━━━━━ DATA SECTION

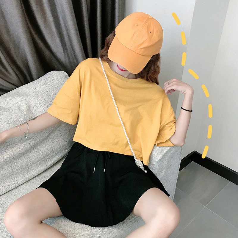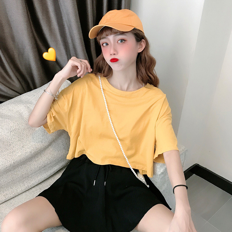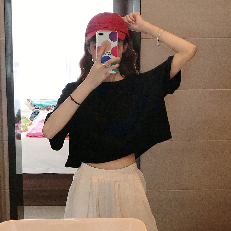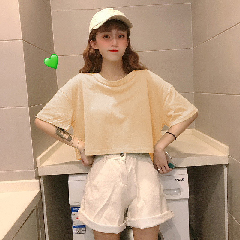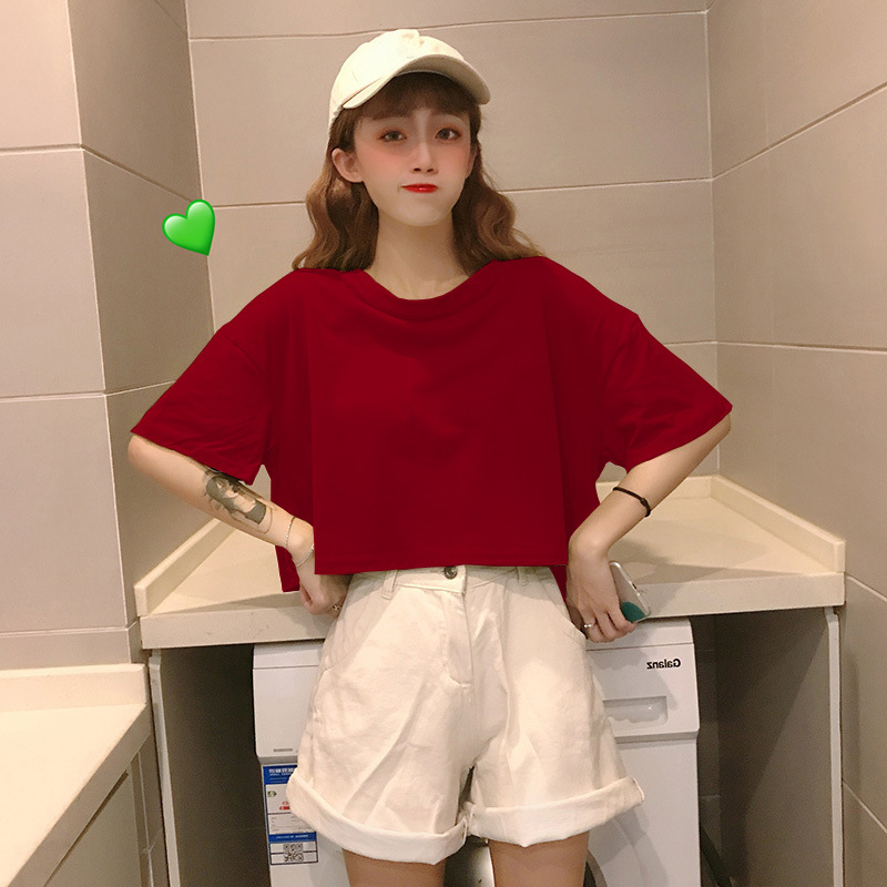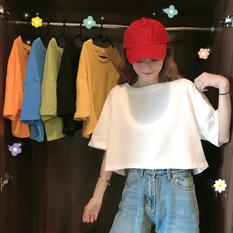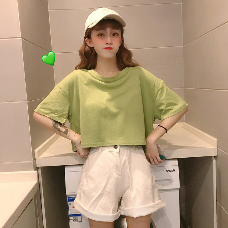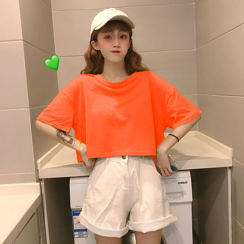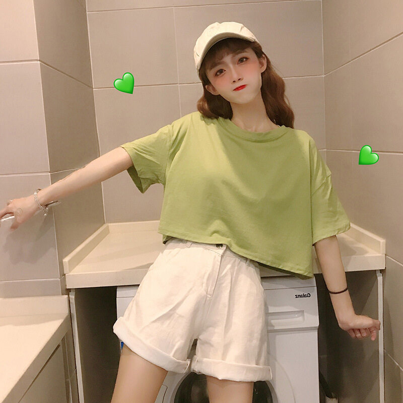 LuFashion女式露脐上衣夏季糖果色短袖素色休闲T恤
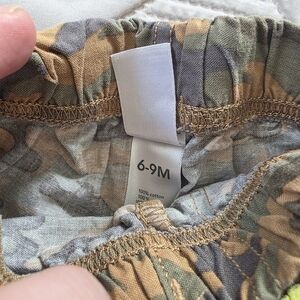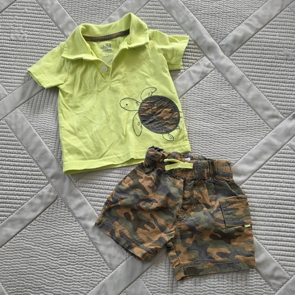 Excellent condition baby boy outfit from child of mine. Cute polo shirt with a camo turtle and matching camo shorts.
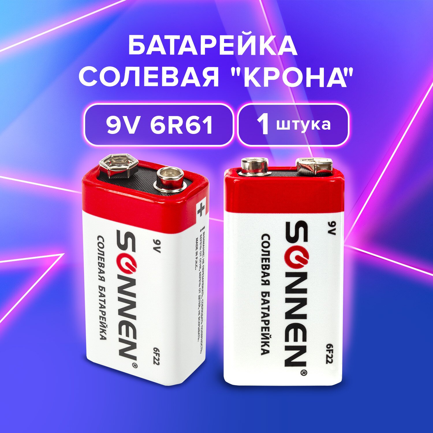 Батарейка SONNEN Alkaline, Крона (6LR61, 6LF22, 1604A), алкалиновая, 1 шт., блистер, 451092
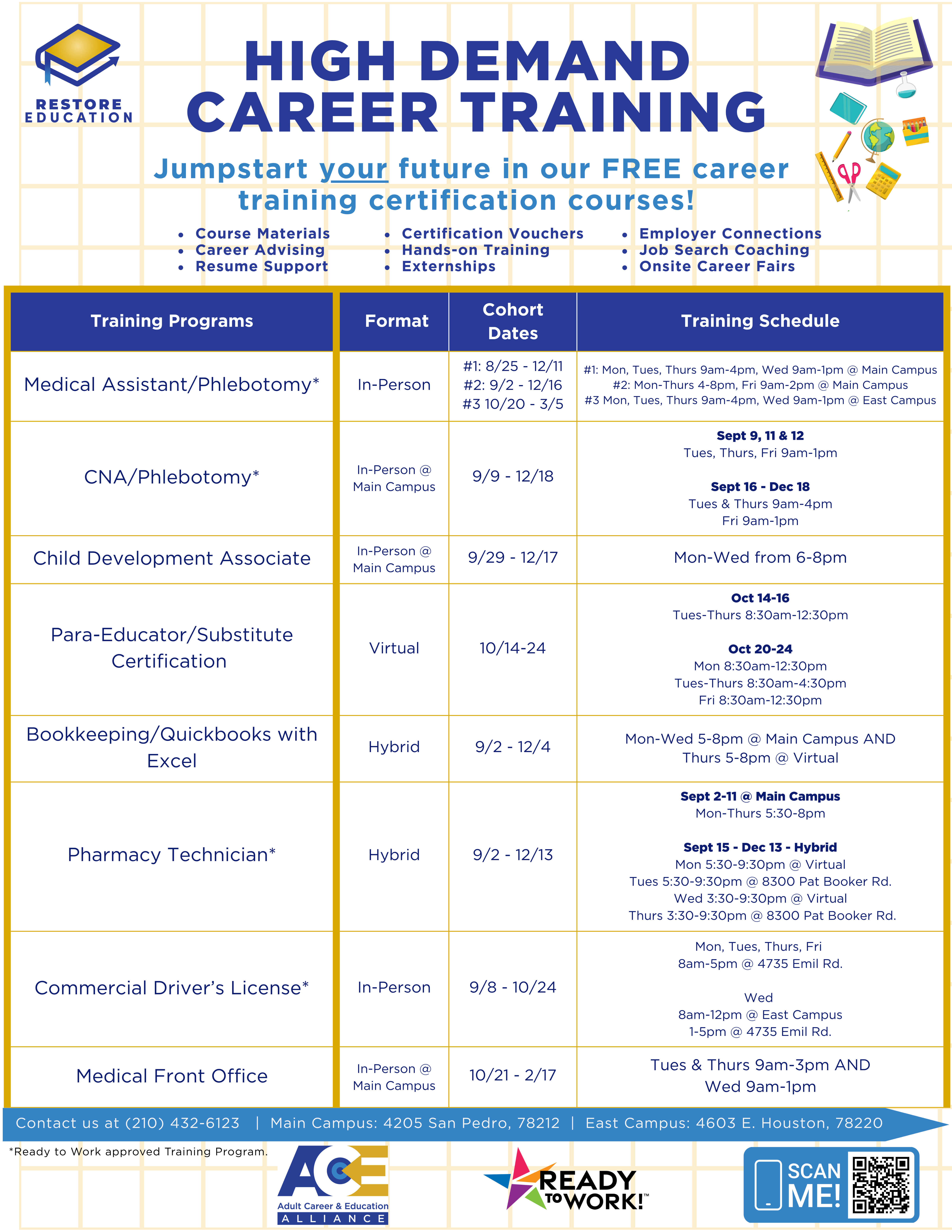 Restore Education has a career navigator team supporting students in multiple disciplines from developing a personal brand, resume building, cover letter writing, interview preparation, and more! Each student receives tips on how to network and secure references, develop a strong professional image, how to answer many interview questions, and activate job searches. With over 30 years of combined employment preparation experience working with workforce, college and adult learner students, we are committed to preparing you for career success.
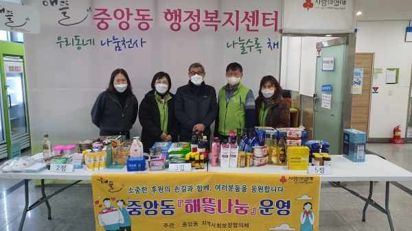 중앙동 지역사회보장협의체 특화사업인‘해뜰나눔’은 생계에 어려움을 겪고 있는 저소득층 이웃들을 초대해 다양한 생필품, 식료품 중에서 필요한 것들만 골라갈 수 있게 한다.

━━━━━━━━━━

* **INSTRUCTIONS FOR THE TASK**: Leave the pictures aside. Set down exactly the lines from the one with "Батарейка SONNEN Alkaline, Крона" through the final line of the listing above.

* **ANSWER TO THIS TASK**:
 Батарейка SONNEN Alkaline, Крона (6LR61, 6LF22, 1604A), алкалиновая, 1 шт., блистер, 451092
 Restore Education has a career navigator team supporting students in multiple disciplines from developing a personal brand, resume building, cover letter writing, interview preparation, and more! Each student receives tips on how to network and secure references, develop a strong professional image, how to answer many interview questions, and activate job searches. With over 30 years of combined employment preparation experience working with workforce, college and adult learner students, we are committed to preparing you for career success.
 중앙동 지역사회보장협의체 특화사업인‘해뜰나눔’은 생계에 어려움을 겪고 있는 저소득층 이웃들을 초대해 다양한 생필품, 식료품 중에서 필요한 것들만 골라갈 수 있게 한다.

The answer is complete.